Tuesday, March 13, 2007

I am trying to be cheerful. Really, I am.

But: I am still messed up from the time change. I did not really see the sun yesterday; I went to work before it was up and got home after it had set.

And it is super foggy this morning. I cannot breathe and it felt very hazardous driving in.

But the big thing is this: in one of my classes, I assigned a research paper. I assigned it over a month ago. It is due tomorrow. I have had three people ask me - the last one calling and leaving a message last night while I was at German class - if there are still topics available. (I'd be tempted to call him back NOW, but I am very sure he's not up yet).

I'd like to say, "Don't even bother. Don't write the paper. You're doing it in less than a day; it will not be worth my reading it." I'm also going to check these EXTRA hard for plagiarism (although I check ALL the papers these days), because in my experience, it's the people who do things at the last minute who tend to get tempted by the lures of Copy+Paste.
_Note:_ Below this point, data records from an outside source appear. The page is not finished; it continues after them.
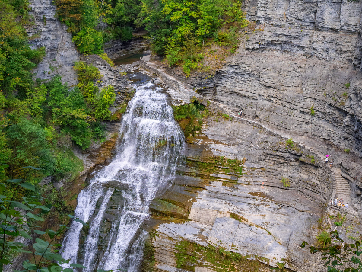 Like other gorge state parks, Robert Treman has a swimming area, campgrounds, and stunning waterfalls. The 115-foot Lucifer Falls is clearly central, and the handsome stonework winding up along the sheer cliff is equally remarkable. The dramatic waterscapes continue in the “upper gorge” area, and it is clear why visitors often linger in this stunning section. A beautiful stretch of the Finger Lakes Trail runs through Treman and the more adventurous hikers can follow the trail beyond Treman to Lick Brook Gorge and then all the way to Buttermilk Falls State Park.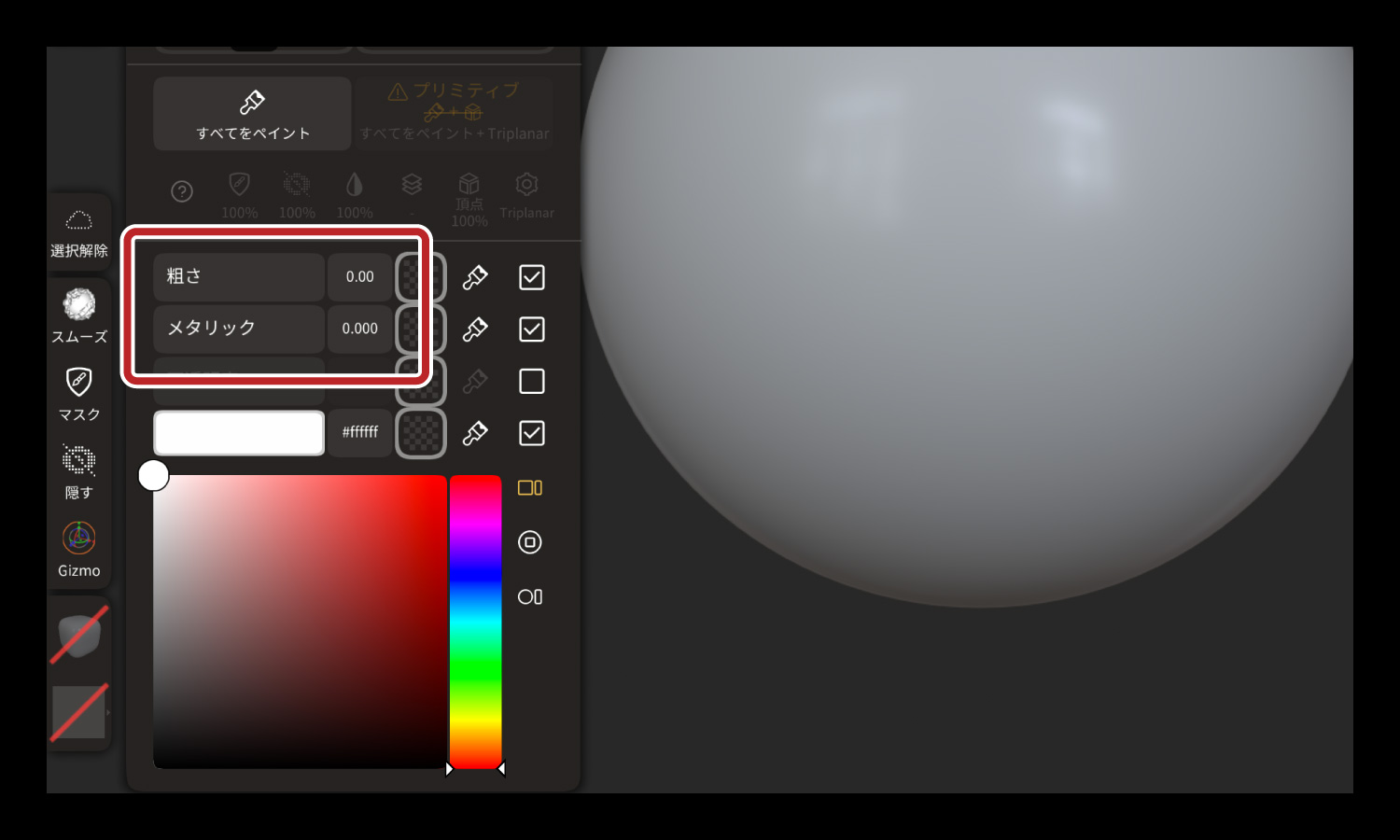 「メタリック」は数値が低ければ低いほどオブジェクトが発光します。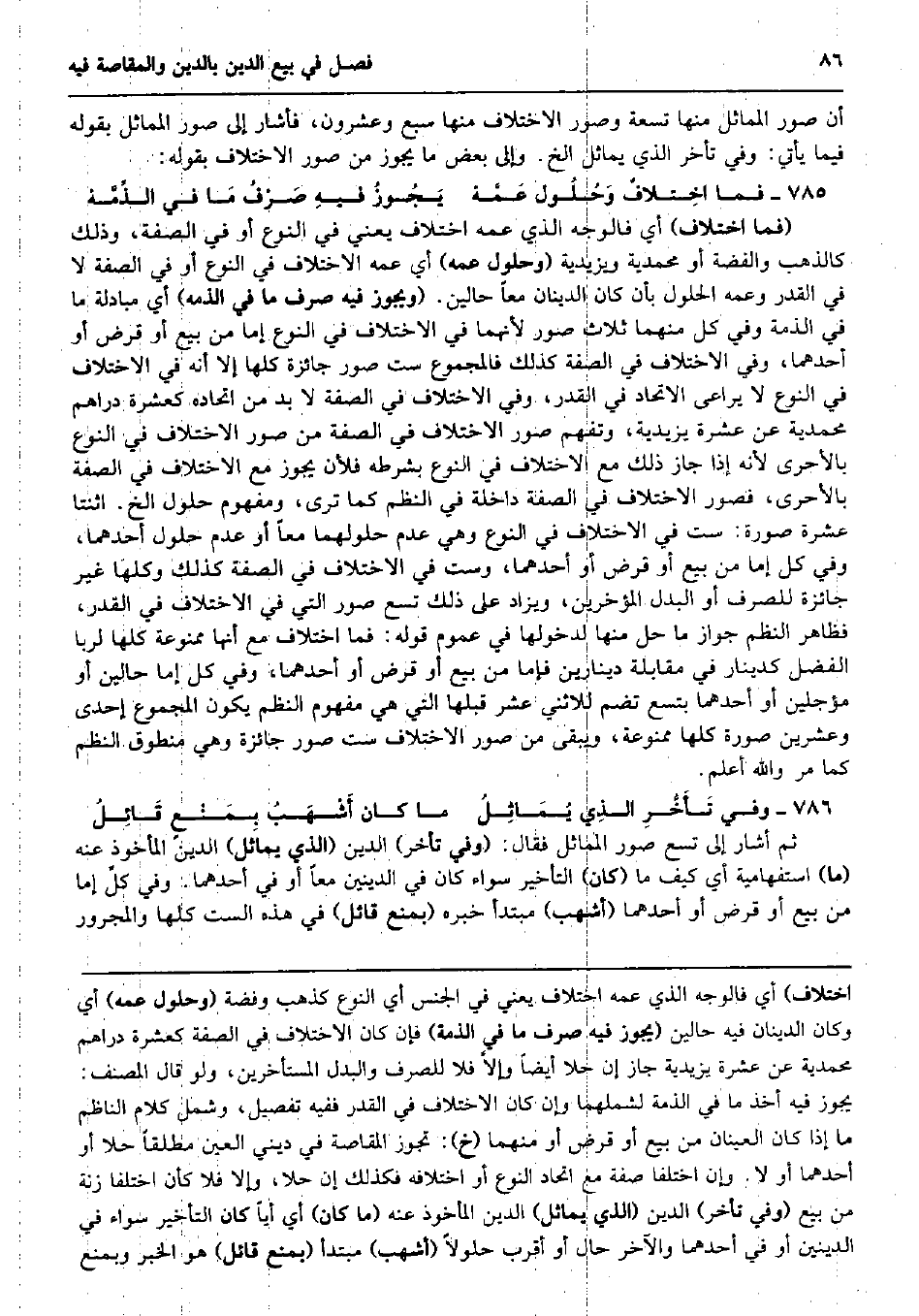 أَن صور المماثل مِنْهَا تِسْعَة وصور الِاخْتِلَاف مِنْهَا سبع وَعِشْرُونَ، فَأَشَارَ إِلَى صور المماثل بقوله فِيمَا يَأْتِي: وَفِي تَأَخّر الَّذِي يماثل الخ. وَإِلَى بعض مَا يجوز من صور الِاخْتِلَاف بقوله: فَمَا اخِتلافٌ وَحُلُول عَمَّهْ يَجُوزُ فيهِ صَرْفُ مَا فِي الذِّمَّهْ (فَمَا اخْتِلَاف) أَي فَالْوَجْه الَّذِي عَمه اخْتِلَاف يَعْنِي فِي النَّوْع أَو فِي الصّفة، وَذَلِكَ كالذهب وَالْفِضَّة أَو محمدية ويزيدية (وحلول عَمه) أَي عَمه الِاخْتِلَاف فِي النَّوْع أَو فِي الصّفة لَا فِي الْقدر وَعَمه الْحُلُول بِأَن كَانَ الدينان مَعًا حَالين. (وَيجوز فِيهِ صرف مَا فِي الذمه) أَي مُبَادلَة مَا فِي الذِّمَّة وَفِي كل مِنْهُمَا ثَلَاث صور لِأَنَّهُمَا فِي الِاخْتِلَاف فِي النَّوْع إِمَّا من بيع أَو قرض أَو أَحدهمَا، وَفِي الِاخْتِلَاف فِي الصّفة كَذَلِك فالمجموع سِتّ صور جَائِزَة كلهَا إِلَّا أَنه فِي الِاخْتِلَاف فِي النَّوْع لَا يُرَاعى الِاتِّحَاد فِي الْقدر، وَفِي الِاخْتِلَاف فِي الصّفة لَا بُد من اتحاده كعشرة دَرَاهِم محمدية عَن عشرَة يزيدية، وتفهم صور الِاخْتِلَاف فِي الصّفة من صور الِاخْتِلَاف فِي النَّوْع بالأحرى لِأَنَّهُ إِذا جَازَ ذَلِك مَعَ الِاخْتِلَاف فِي النَّوْع بِشَرْطِهِ فَلِأَن يجوز مَعَ الِاخْتِلَاف فِي الصّفة بالأحرى، فصور الِاخْتِلَاف فِي الصّفة دَاخِلَة فِي النّظم كَمَا ترى، وَمَفْهُوم حُلُول الخ. اثْنَتَا عشرَة صُورَة: سِتّ فِي الِاخْتِلَاف فِي النَّوْع وَهِي عدم حلولهما مَعًا أَو عدم حُلُول أَحدهمَا، وَفِي كل إِمَّا من بيع أَو قرض أَو أَحدهمَا، وست فِي الِاخْتِلَاف فِي الصّفة كَذَلِك وَكلهَا غير جَائِزَة للصرف أَو الْبَدَل المؤخرين وَيُزَاد على ذَلِك تسع صور الَّتِي فِي الِاخْتِلَاف فِي الْقدر، فَظَاهر النّظم جَوَاز مَا حل مِنْهَا لدخولها فِي عُمُوم قَوْله: فَمَا اخْتِلَاف مَعَ أَنَّهَا مَمْنُوعَة كلهَا لربا الْفضل كدينار فِي مُقَابلَة دينارين فإمَّا من بيع أَو قرض أَو أَحدهمَا، وَفِي كل إِمَّا حَالين أَو مؤجلين أَو أَحدهمَا بتسع تضم للاثني عشر قبلهَا الَّتِي هِيَ مَفْهُوم النّظم يكون الْمَجْمُوع إِحْدَى وَعشْرين صُورَة كلهَا مَمْنُوعَة، وَيبقى من صور الِاخْتِلَاف سِتّ صور جَائِزَة وَهِي مَنْطُوق النّظم كَمَا مر وَالله أعلم. وَفِي تَأَخُّرِ الذِي يُمَاثِلُ مَا كَانَ أَشْهَبُ بِمَنْعٍ قَائِلُ ثمَّ أَشَارَ إِلَى تسع صور المماثل فَقَالَ: (وَفِي تَأَخّر) الدّين (الَّذِي يماثل) الدّين الْمَأْخُوذ عَنهُ (مَا) استفهامية أَي كَيفَ مَا (كَانَ) التَّأْخِير سَوَاء كَانَ فِي الدينَيْنِ مَعًا أَو فِي أَحدهمَا. وَفِي كلِّ إِمَّا من بيع أَو قرض أَو أَحدهمَا (أَشهب) مُبْتَدأ خَبره (بِمَنْع قَائِل) فِي هَذِه السِّت كلهَا وَالْمَجْرُور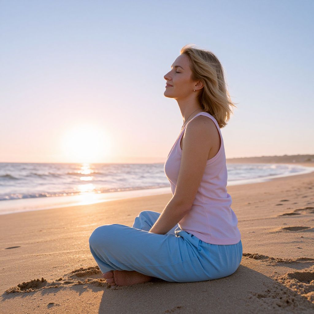 A photograph of a blonde woman sitting cross-legged on a sandy beach, facing the ocean. She's wearing a light pink sleeveless top and light blue pants. Her eyes are closed, and she's smiling softly, with the sun setting in the background. The sand is golden, and the sky is a gradient of soft blues and pinks.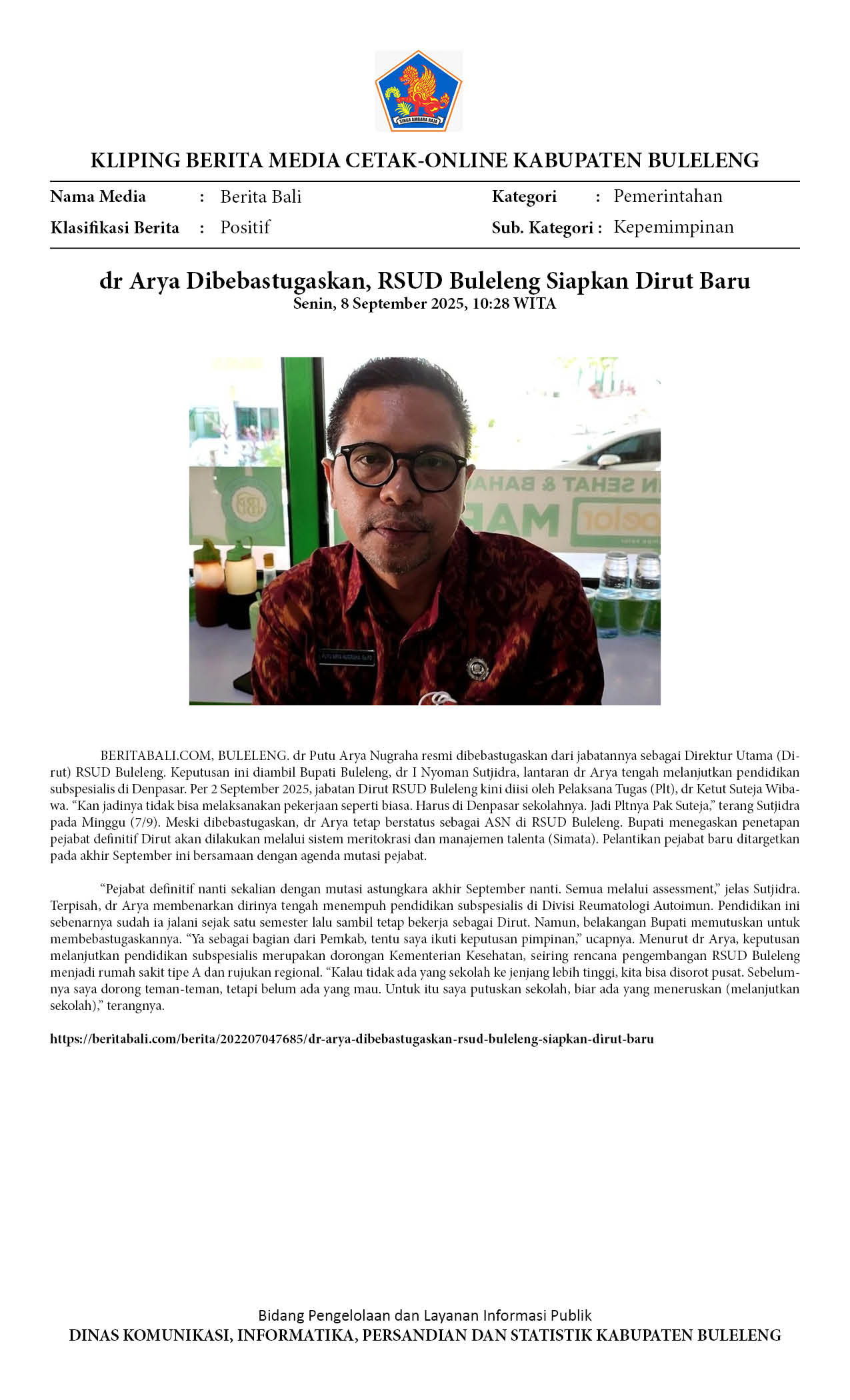 DR ARYA DIBEBASTUGASKAN, RSUD BULELENG SIAPKAN DIRUT BARU

The thing that gets me is: if I waited to assign these things until closer before the due date, people would bitch (yes, I'm using that word in this case) on evaluations that I didn't give them enough time. (Often, when you're an educator, you can't win.)

****

And that is part of my, I guess you'd say, feeling of the grass being greener on the other side. I look at people (like the woman who writes little birds) who do art more or less for a living, who spend their time making whimiscal appealing things. Or I look at the bloggers who get book contracts.

And, I know. It's hard work. And there's a lot of uncertainty involved. And I'm sure I wouldn't deal well with the "well, am I going to make any money this month?" question.

But you know? Sometimes I think about how nice it would be to be in a career where you got a lot of positive feedback - where you got lots of comments on your blog going "Oh, so cute!" or "congratulations on your new book contract; I'm buying it as soon as it comes out!"

Much of the feedback I get in my career is honestly, negative. I only hear when people DON'T like something - when a grant proposal isn't good enough, when something needs to be changed, when students are upset. And one thing I am not good at is "filtering" - I can't read my student evaluations and go, "Well, he has a point there, but she's just griping." I take everything that's said to heart...and it's kind of like that old bit on the Simpsons, where Lisa explains to Bart, after he's broken something or stolen something, "Her [Marge's] heart won't just wipe clean like this bathroom countertop: it absorbs everything that touches it, like this bathroom rug." I tend to internalize criticism whether it's warranted or not. And I know I'm going to catch crap when I grade these upcoming papers harshly...even though I would think any student would know that waiting until there's less than 24 hours left to do a paper is a bad option.

So I don't know. Sometimes I wonder...do I still want to be doing this when I'm 60? Do I still want to be doing this when the current crop of narcissistic, self-esteem-infused grade schoolers hits college? Do I still want to be here when books have been entirely replaced by mp3 versions of the "texts"? Do I still want to be here when "content delivery" is 100% online and people who used to be professors are now basically webmasters, troubleshooters, and people who spend their time "unlocking" tests and quizzes for students who couldn't take them during the appointed times?

I don't know. Suddenly I feel very old and obsolete.

3 comments:

Anonymous said...

Sorry you're feeling so down. But I must point out that in my experience, very few people get the kind of positive feedback you crave. When I was working (I'm retired), negative feedback was the way to go it seemed in all annual mandatory evaluations. For day-to-day stuff, it was exceedingly rare to hear anything positive. I did a lot of travel arrangements for my bosses (I had multiple ones) and the trips which went fine -- nothing said. But let one little thing go wrong and I'd know about that. So don't let what is going on in some bloggers' lives make you green-eyed. I'm sure if you talked to them individually, you'd learn they don't get positive feedback all the time either. Just do your job to the best of your abilities and let the rest of the stuff go.

dragon knitter said...

if it's any consolation, when my kids get old enough to go to college, and if they go to your college, hopefully they will be more responsible than that. mp3 players? not one in the house. my kids read BOOKS. boy do they, lol. my oldest son is allowed 50 bonus points for Accelerated Reader test points beyond what is required for the quarter, which is 25. he's maxed his bonus points out EVERY QUARTER this year. now if only he'd apply himself like that to his other schoolwork, lol.

the younger son is a reader in the same way. we don't leave the house without books, and i actually have 5 or 6 in the van for just in case.

as for the negative feedback, i'll tell you something that my academic advisor told us in class 13 years ago. if someone likes something, they'll tell 3 people. if they dont, t hey'll tell 10. human beings are not geared to be positive, no matter how we'd like to think otherwise. just know that you ARE doing a good job, and the slackers that waited too long will hang themselves.

Anonymous said...

I hear you. I work in a busy academic office as the only administrator for 10-15 prima donnas--oops, I mean professors. If everything's going ok, I seldom hear a thing. I do make copies of those occasional notes of thanks for my personnel file, but *wistfully* it would be awfully nice to get some flowers once in a while. I've found that positive reinforcement works.